Йоаким обошел весь дом комната за комнатой, хотя и знал, что Катрин в нем нет — она осталась на Эланде. Зачем ей брать машину и ехать за ним всю дорогу до Стокгольма, ни разу не позвонив?
Наверняка ему показалось. Слуховая галлюцинация.
Йоаким посмотрел на часы. Десять минут четвертого. На улице начинало темнеть.
Он достал из кармана мобильный и набрал номер домашнего телефона в Олуддене. Катрин с детьми уже должны быть дома.
Шесть сигналов. Семь. Восемь. Никто не ответил.
Йоаким позвонил Катрин на мобильный. Безрезультатно.
Он пытался справиться с тревогой, вынося вещи из дома. Но, сложив все в прицеп и погасив свет в вилле, не удержался и набрал еще один номер.
— Дом Вестинов.
В голосе матери, как всегда, слышно было волнение. Она, как и прежде, боялась звонков.
— Привет, мама. Это я.
— Привет, Йоаким. Ты в Стокгольме?
— Да, но…
Тревога в голосе сменилась радостью узнавания, вслед которой пришло разочарование, когда он сказал, что не сможет навестить ее вечером.
— Почему? Что-то случилось?
— Нет, — поспешил он заверить мать, — но мне кажется, что лучше поехать домой сегодня. У меня в багажнике ценная картина и куча инструментов в прицепе, не хочется все это оставлять там на ночь.
— Конечно, — согласилась Ингрид.
— Мама, Катрин тебе не звонила?
— Сегодня? Нет, а что?
— Хорошо, я просто поинтересовался.
— Когда ты приедешь?
— Не знаю, мама, мы теперь живем на Эланде…
Завершив разговор, Йоаким снова набрал Олудден. Никто не ответил. На часах была половина пятого. Он завел машину и выехал на улицу. Теперь оставалось только завезти ключи агенту по продаже недвижимости. Больше у них с Катрин не было дома в Стокгольме.

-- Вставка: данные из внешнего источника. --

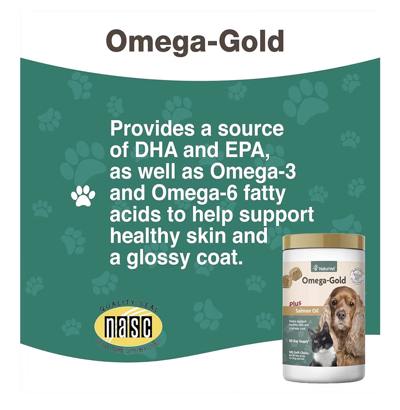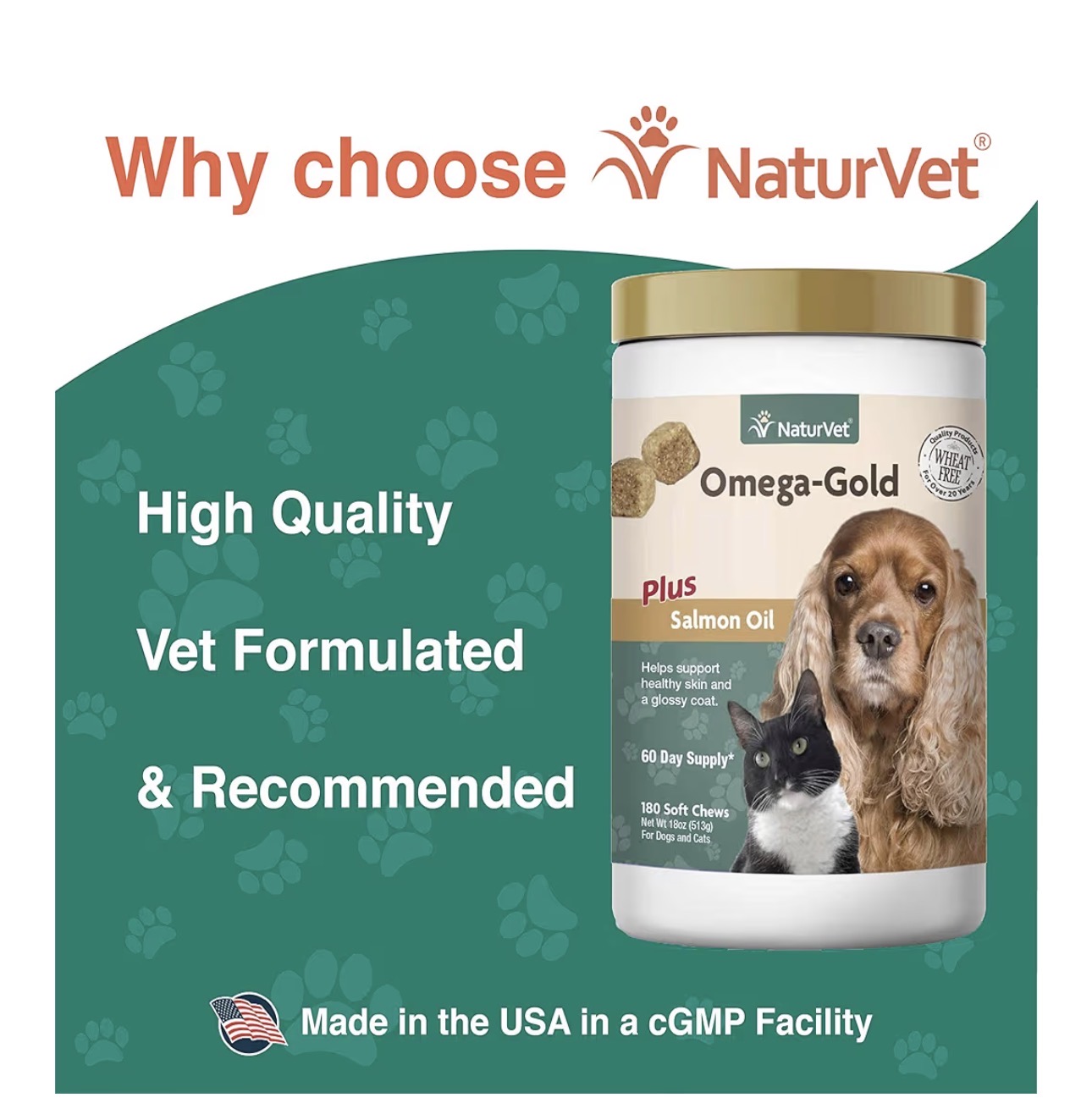 NaturVet - Omega-Gold Plus Salmon Oil 180 Soft Chews

Дороги были забиты, и у него ушло сорок пять минут только на то, чтобы выехать из города. Йоаким притормозил на парковке перед въездом в Сёдертэлье, чтобы еще раз позвонить Катрин.

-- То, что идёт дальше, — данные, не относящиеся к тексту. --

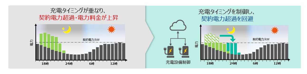 ※建物の電気使用状況やEVの電池残量等の情報を基に、EVの充電タイミングを制御すること。電力需要ピークの平準化や電気料金の削減が可能。
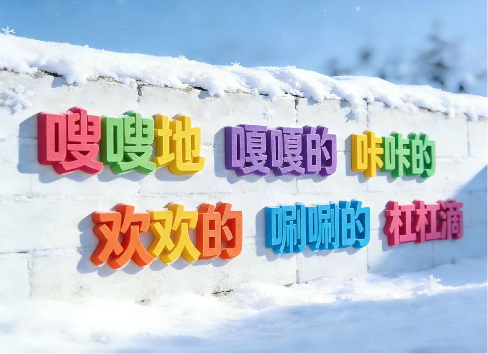 此外,东北话艺术字墙、“2026‘杏’好相遇 ‘鱼’你同行”雪雕更是朋友圈晒图利器。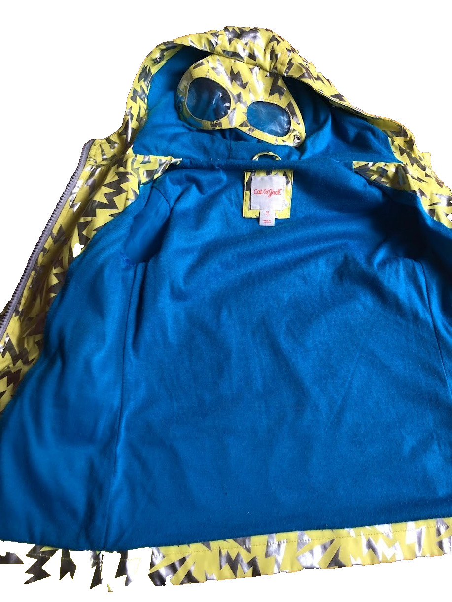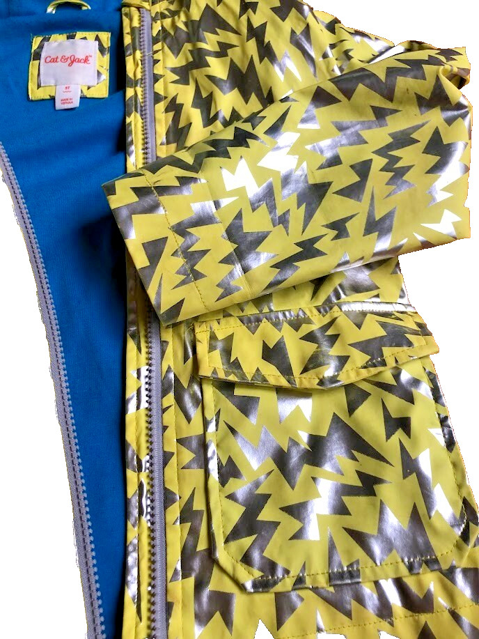 Size 5T Kids Cat Jack Yellow Silver Super Hero Raincoat Jacket W/Hood Mask

Четыре сигнала, потом трубку сняли.
— Тильда Давидсон, — произнес незнакомый женский голос.
— Алло? — с удивлением сказал Йоаким.
Может, он ошибся номером?
— Кто звонит? — спросила женщина.
— Это Йоаким Вестин, — ответил он медленно. — Я живу в Олуддене.
— Понятно.
— Моя жена и дети там? — спросил Йоаким.
Ответом ему была тишина.
— Кто вы? — проговорил он.
— Полиция, — сказала женщина. — Я хочу, чтобы вы…
— Где моя жена?
Снова последовала пауза.
— Где вы находитесь, Йоаким? Вы на острове?

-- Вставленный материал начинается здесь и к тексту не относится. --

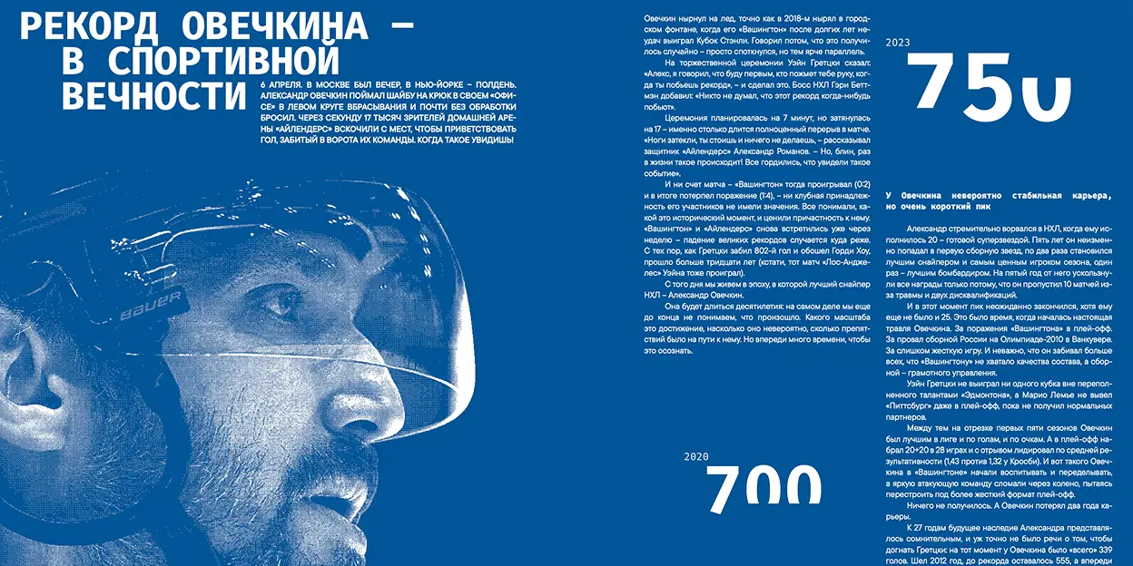Спортивный сайт «Спортс”» запустил своё первое печатное издание — ежегодный журнал «Спортс”. Итоги года». В нём редакция зафиксировала 2025 год в спорте во всех ключевых измерениях: главные явления и тенденции, бизнес-ландшафт индустрии, поведение аудитории и прогнозы на будущее. Дизайн разработала команда журнала Ornament.

Это был голос молодой женщины, несколько нервный, не внушавший Йоакиму доверия.
— Я в Стокгольме, нет, точнее, уже в Сёдертэлье.
— Вы едете сюда?
— Да, — ответил он. — Перевожу оставшиеся вещи из нашего прежнего дома.
Он хотел любым способом заставить женщину ответить на вопросы.
— Вы можете мне сказать, что случилось? Это…
— Нет, — перебила она. — Я ничего не могу сказать по телефону. Но вам лучше приехать сюда как можно быстрее.
— Это…
— Не превышайте скорость, — прервала его женщина-полицейский и повесила трубку.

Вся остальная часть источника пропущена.